According to aspects of the invention, a method of creating a customized IT infrastructure, comprising: receiving IT environment request from a user via a user interface or API; providing the request to a central processing system; operating the central processing system to execute the request in a series of processes in comparison to the available inventory to: select a server from a plurality of available servers and allocate the server as an assigned server to the user; select storage device from storage facility and allocate the storage device as an assigned storage facilities to the user; couple the assigned server to the assigned storage facility; install and configure software onto the assigned server according to the request; and, connect the assigned server to a communication network.

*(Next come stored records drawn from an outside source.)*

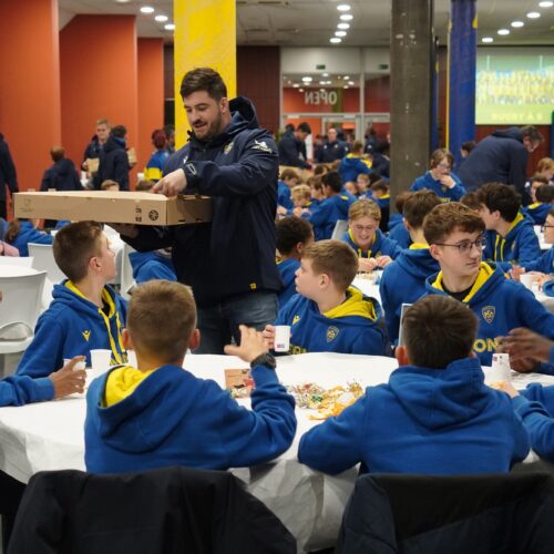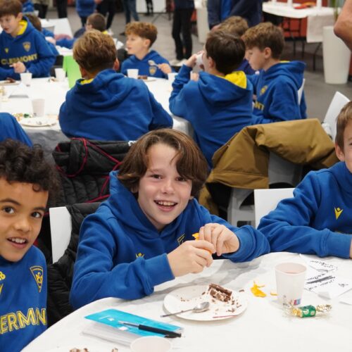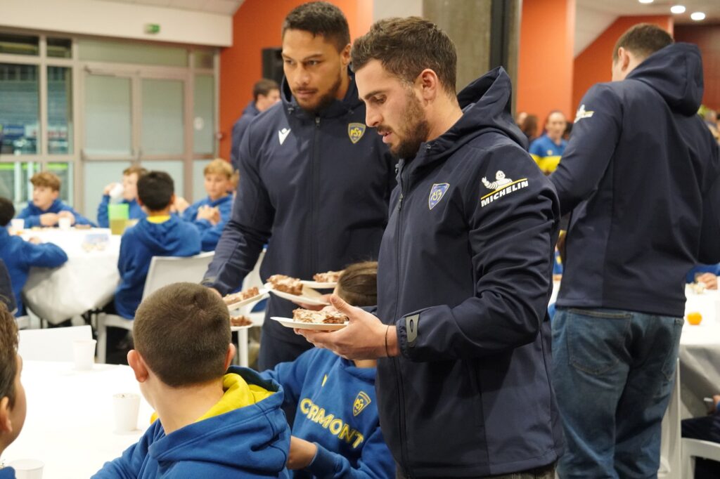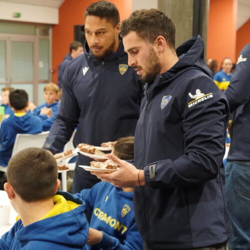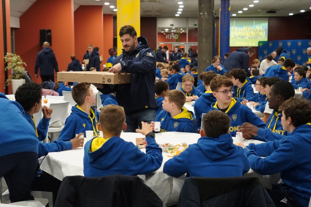 Ce fut une sortie d’école un peu particulière vécue par les joueuses et joueurs de l’école de rugby de l’ASM ce mardi soir. Le rendez-vous était donné à 17H30 dans le salon Open du stade Marcel Michelin, pour plus de 120 jeunes pousses montferrandaises. Répartis autour des tables installées par les dirigeants bénévoles du club, les enfants furent rejoints dans un deuxième temps par l’intégralité des joueurs professionnels de l’ASM Clermont Auvergne, ainsi que son staff sportif.
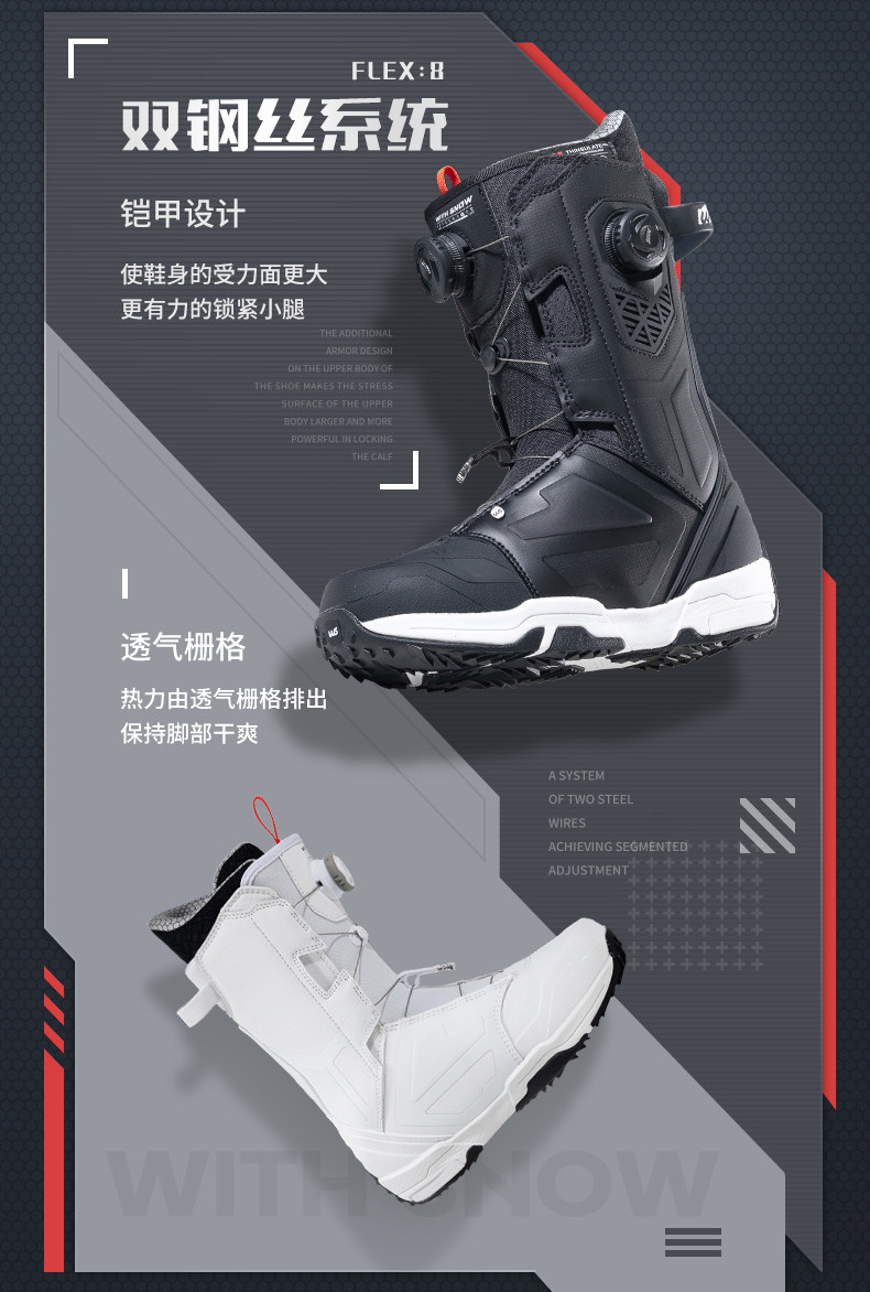 WS Snowboard Shoes Advanced Snowboard Shoes High Hardness Carved Double Steel Buckle Quick Wear Ski Boots Adults
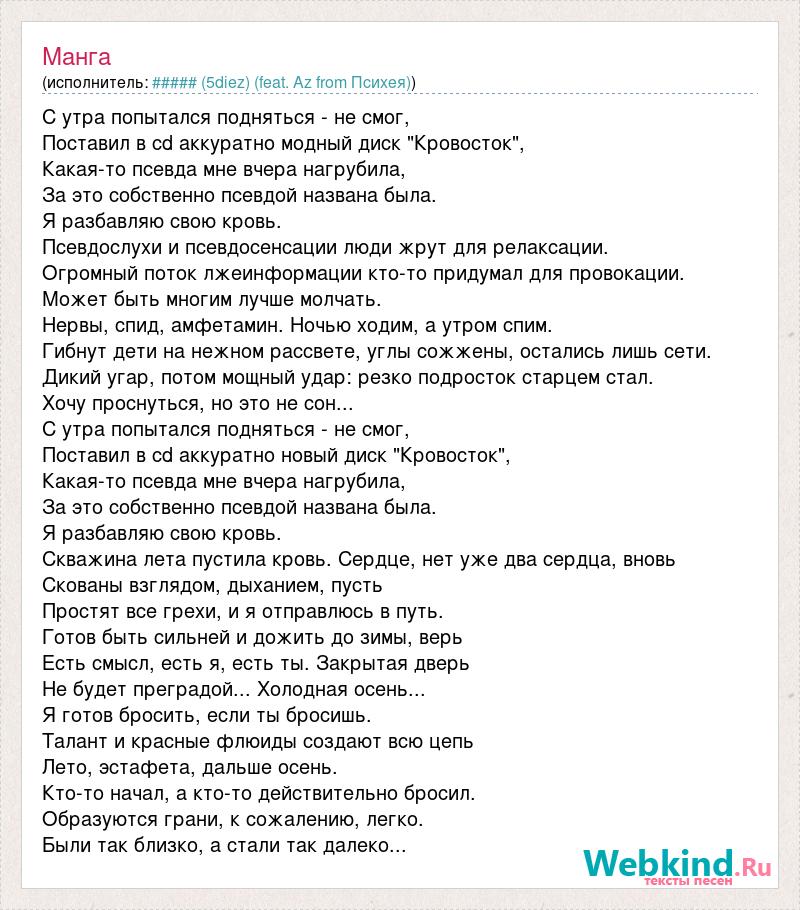 С утра попытался подняться - не смог, Поставил в cd аккуратно модный диск "Кровосток", Какая-то псевда мне вчера нагрубила, За это собственно псевдой названа была. Я разбавляю свою кровь. Псевдослухи и псевдосенсации люди жрут для релаксации. Огромный поток лжеинформации кто-то придумал для провокации. Может быть многим лучше молчать. Нервы, спид, амфетамин. Ночью ходим, а утром спим. Гибнут дети на нежном рассвете, углы сожжены, остались лишь сети. Дикий угар, потом мощный удар: резко подросток старцем стал. Хочу проснуться, но это не сон... С утра попытался подняться - не смог, Поставил в cd аккуратно новый диск "Кровосток", Какая-то псевда мне вчера нагрубила, За это собственно псевдой названа была. Я разбавляю свою кровь. Скважина лета пустила кровь. Сердце, нет уже два сердца, вновь Скованы взглядом, дыханием, пусть Простят все грехи, и я отправлюсь в путь. Готов быть сильней и дожить до зимы, верь Есть смысл, есть я, есть ты. Закрытая дверь Не будет преградой... Холодная осень... Я готов бросить, если ты бросишь. Талант и красные флюиды создают всю цепь Лето, эстафета, дальше осень. Кто-то начал, а кто-то действительно бросил. Образуются грани, к сожалению, легко. Были так близко, а стали так далеко...
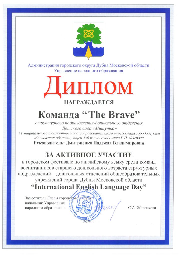 Городской фестиваль по английскому языку среди команд воспитанников старшего дошкольного возраста структурных подразделений-дошкольных отделений общеобразовательных учреждений города Дубны Московской области «International English Language Day»
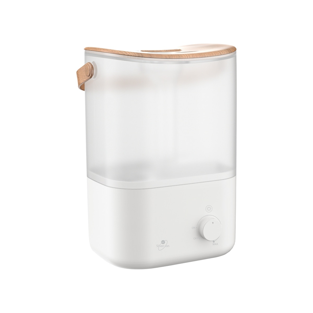 A)採用先進 Ag+ 銀離子技術,可消滅99.99%及抑制水內的細菌、黴菌 B)配有變色氛圍燈 C)25W,AC100-240V,環球適用 D)2.8 公升,可拆卸水箱 E)加濕量:每小時約300 毫升 F)旋鈕式霧量調節 G)配備香薰功能
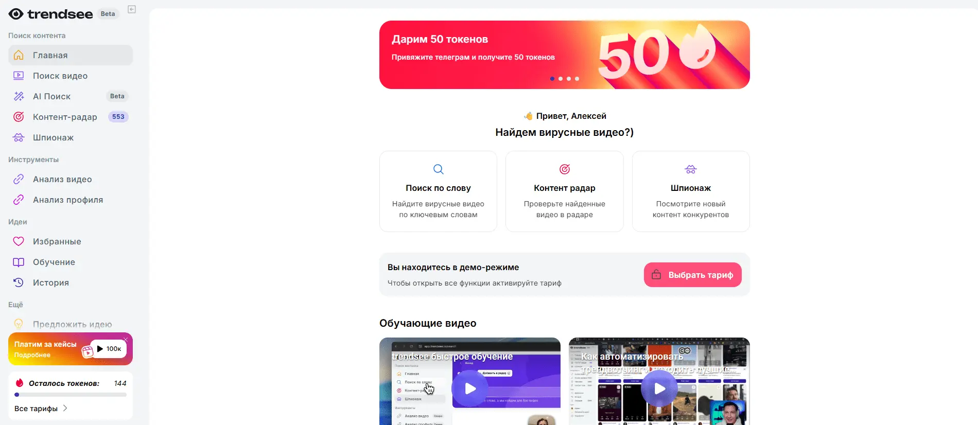 trendsee.io - российский сервис, запущенный в 2025 году. Философия прямо противоположная vidIQ: не SEO и не длинные видео, а вирусные ролики в коротком формате — Instagram Reels, TikTok, YouTube Shorts.
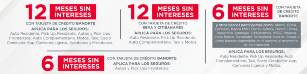 Desde el 1° de enero y hasta finales de año, Zúrich te trae la oportunidad para que tus asegurados contraten un seguro de autos o de hogar con pagos a 3 y 6 meses sin intereses. ¿Lo mejor? Es que aplica con las siguientes tarjetas:
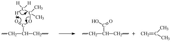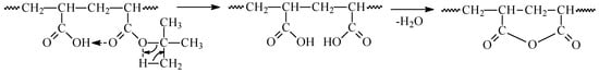 The mechanism of poly(tert-butyl acrylate) pyrolysis has been discussed in numerous papers [47,53,54]. The non-radical nature of the process was confirmed by pyrolysis of a sample of polymer in the presence of a radical spin-trap. The pyrolysis mechanism involves the formation of a 6-membered ring intermediated, which results in the release of isobutylene and the formation of polyacrylic acid (Scheme 3). However, the presence of nearby carboxylic groups may cause an autocatalytic pyrolysis reaction and even the formation of anhydride groups (Scheme 4).
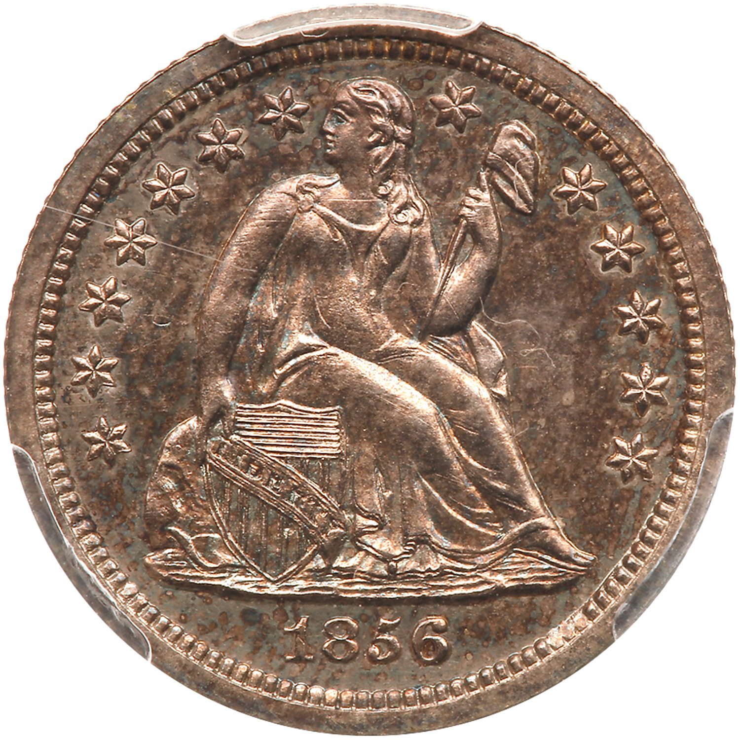 1856. Small date. PCGS graded Proof 65. Well struck with lovely toning on both sides from long and careful storage. The strike is precise and full, as expected for a Proof. These were issued in small numbers, and hence some care was executed in their striking. This one has been carefully preserved since the day it was struck, hence is still retains the gem grade. Only 50 pieces issued. Pop 5; 7 finer, 4 in regular proof, 3 in Proof Cameo. (PCGS # 4745) Estimated Value $5,500 - 6,000
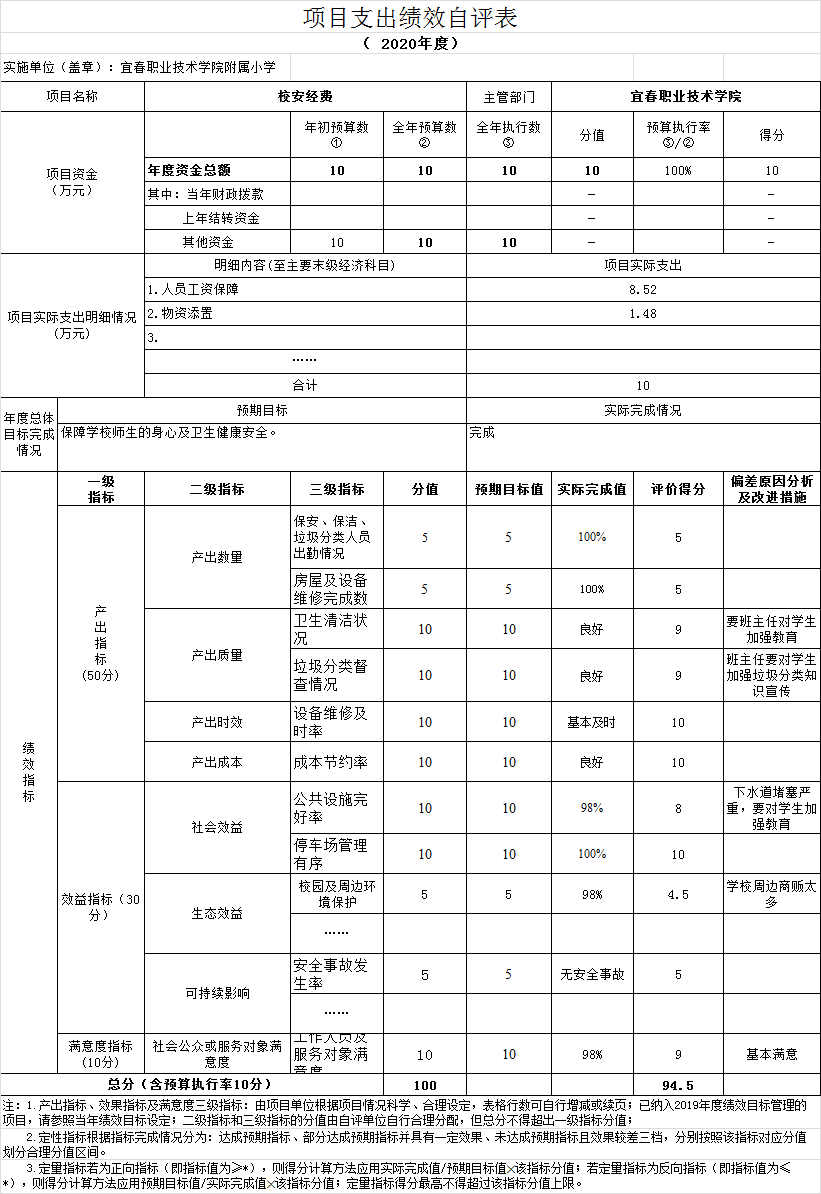 项目绩效自评总体综述:根据年初设定的绩效目标,“kaiyun开云官方网站附属小学校安经费”项目绩效自评得分为94.5分。项目全年预算数为10万元,详见附表。
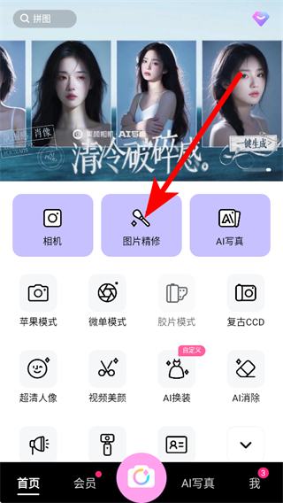 1、打開(kāi)美顏相機(jī)應(yīng)用,點(diǎn)擊圖片精修選項(xiàng)。
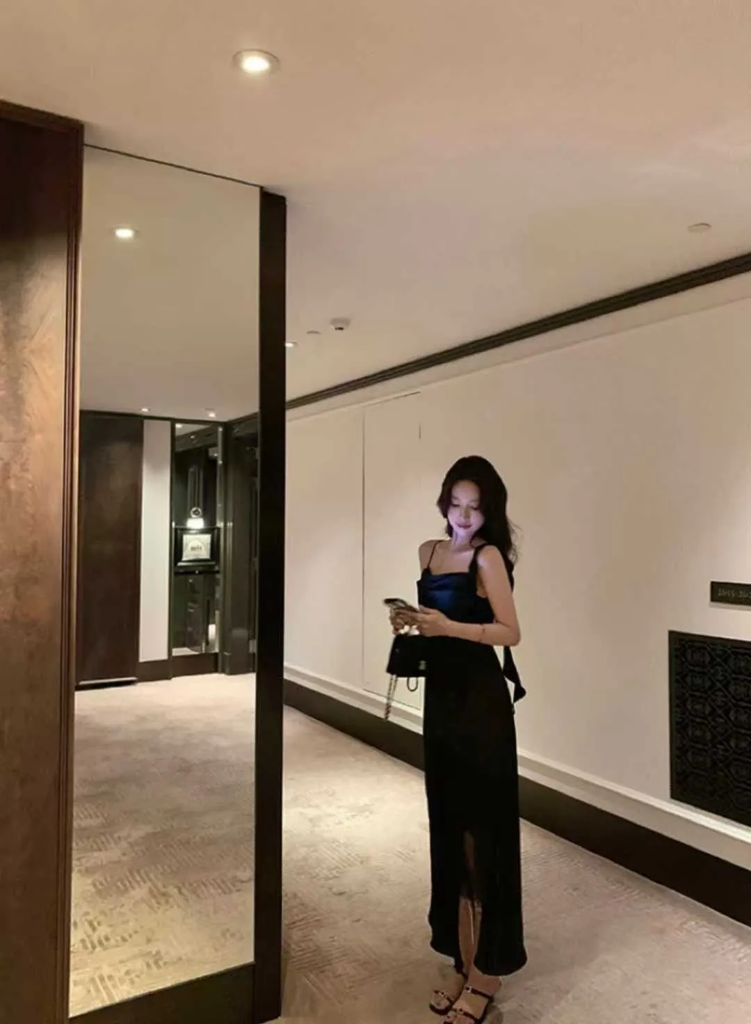 A1446 高级感香槟色缎面吊带小礼服🍷
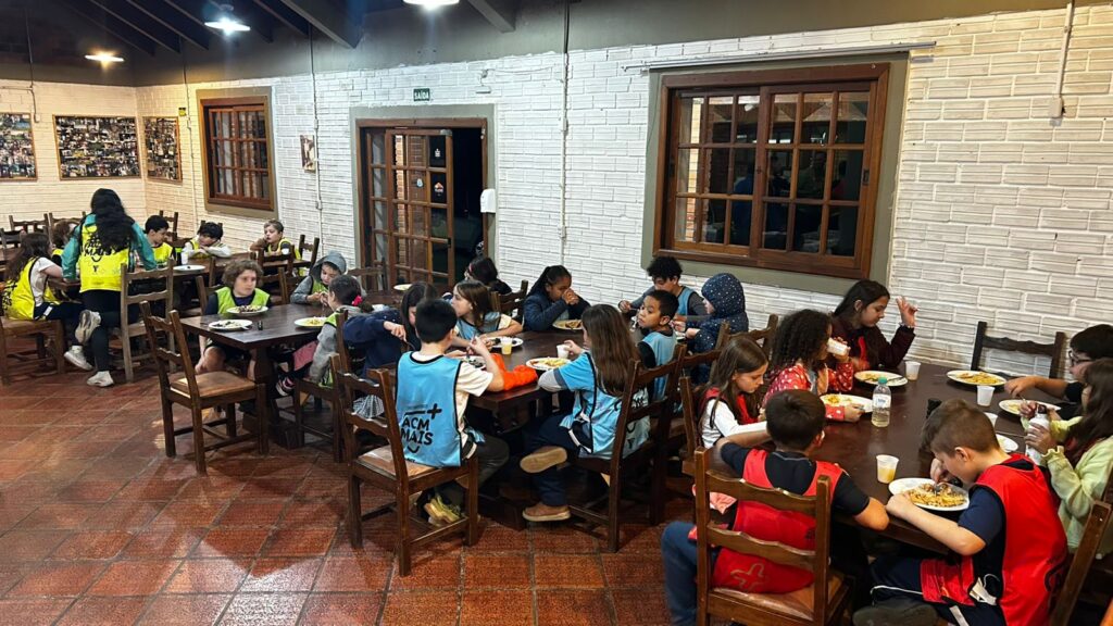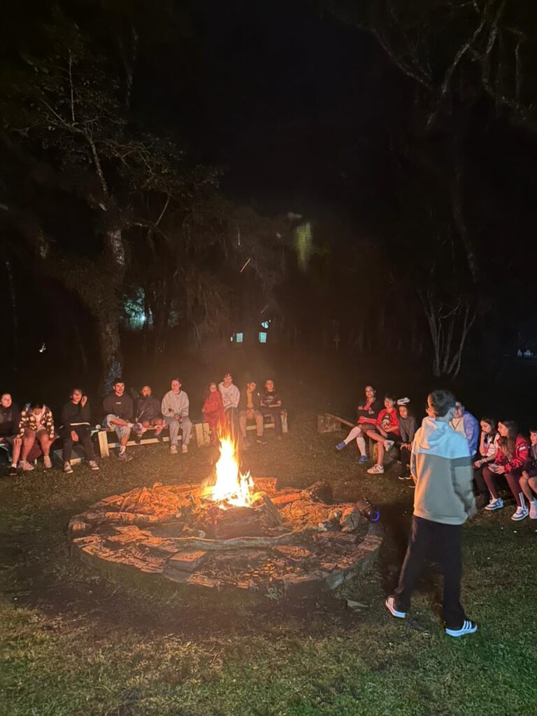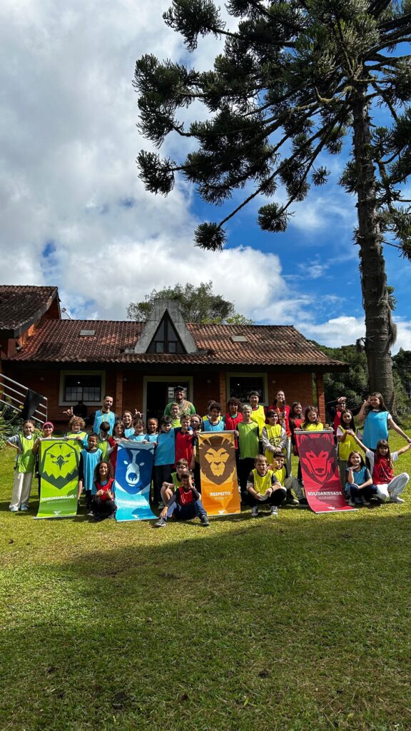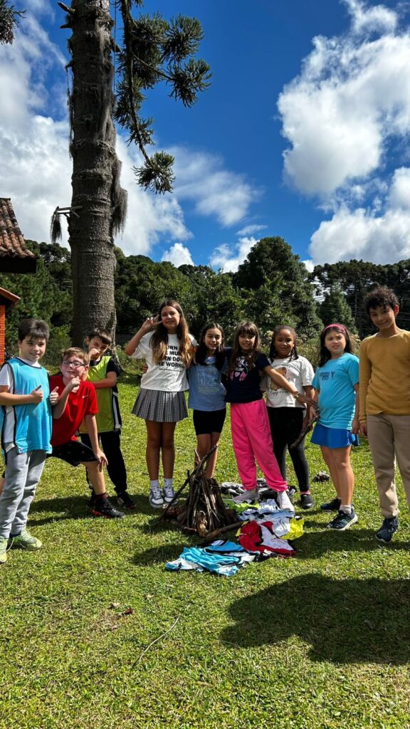 Foram mais de 30 participantes e a programação incluiu trilha, jogos educativos, gincana, fogueira, badala infantil e passeios ao Frorybal e ao Alpen Park, com acompanhamento dos professores da ACM Mais.
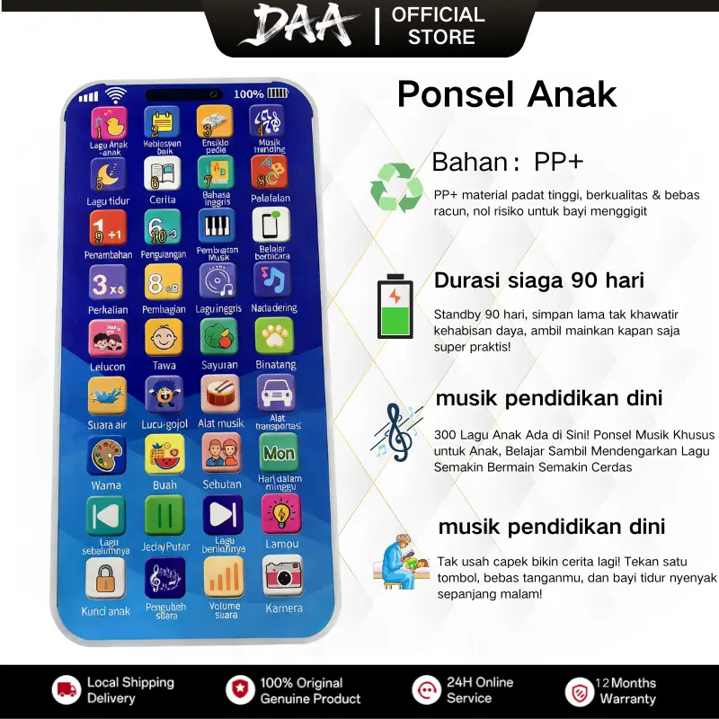 12.Keunggulan Utama Produk: 36 tombol,Konten edukasi sangat lengkap, musik dan lampu menarik perhatian anak, pengisian ulang via Type-C, praktis dan tahan lama, Dilengkapi musik enerjik, cerita pengantar tidur, dan lagu pengantar tidur
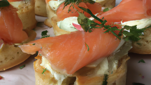 Disposer harmonieusement un morceau de saumon fumé.

The coupling of the assigned server to the assigned storage facility may comprise interposing a backend network between the plurality of servers and the network storage facility, and operating switches of the backend network to enable communication between the assigned server and the assigned storage facility. Connecting the assigned server to a communication network may comprise coupling the plurality of servers to a frontend network and operating switches of the frontend network to enable communication between the assigned server and the communication network. Connecting the assigned server to the communication network may further comprise assigning firewall from a pool of firewall resources to the assigned server. The method may further comprise: operating a monitoring module to monitor the inventory of available hardware and software components and using predictive calculations to issue a notice when more components are needed to be added. The method may further comprise operating the central processing system to automatically assign and track seat licenses to the user according to the user's request, and install software onto the server according to the seat licenses. The method may further comprise operating the central processing system to assign an automated backup and archive policy according to the request of the user. The method may further comprise enabling the user to apply API function calls to control the customized IT infrastructure. The method may further comprise constructing a library of scripts and enabling the user access to apply any script from the library to the customized IT infrastructure. The method may further comprise operating the central processing system to issue alerts when resources of the customized IT infrastructure should be increased or decreased. The method may further comprise operating the central processing system to provide the user with an estimated cost associated with resources increase or decrease. The method may further comprise operating the central processing system to store a network environment store point, enabling restoring of the entire customized IT infrastructure.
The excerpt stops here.